DATA BELOW
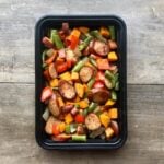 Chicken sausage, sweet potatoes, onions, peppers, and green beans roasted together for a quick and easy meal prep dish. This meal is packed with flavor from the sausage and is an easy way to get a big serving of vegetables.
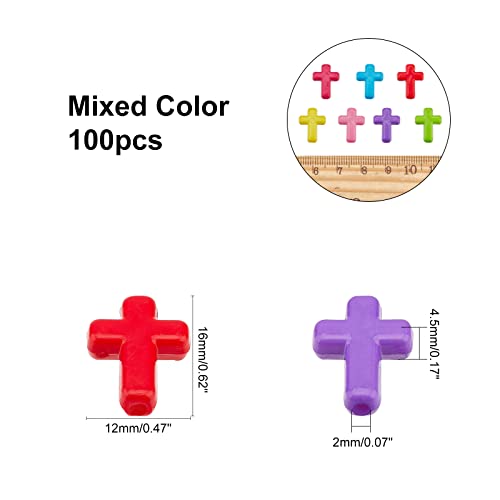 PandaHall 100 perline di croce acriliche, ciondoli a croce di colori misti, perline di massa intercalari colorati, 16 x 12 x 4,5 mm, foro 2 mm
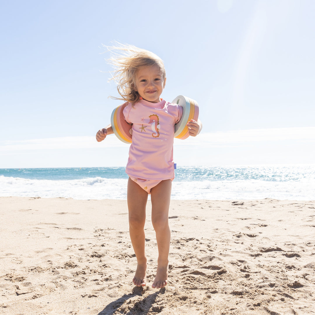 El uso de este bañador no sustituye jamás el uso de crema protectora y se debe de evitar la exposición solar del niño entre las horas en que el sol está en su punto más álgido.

WORK INSTRUCTIONS
What you give back should be the full material above, retyped exactly, with every image removed.

EXPECTED ANSWER
 Chicken sausage, sweet potatoes, onions, peppers, and green beans roasted together for a quick and easy meal prep dish. This meal is packed with flavor from the sausage and is an easy way to get a big serving of vegetables.
 PandaHall 100 perline di croce acriliche, ciondoli a croce di colori misti, perline di massa intercalari colorati, 16 x 12 x 4,5 mm, foro 2 mm
 El uso de este bañador no sustituye jamás el uso de crema protectora y se debe de evitar la exposición solar del niño entre las horas en que el sol está en su punto más álgido.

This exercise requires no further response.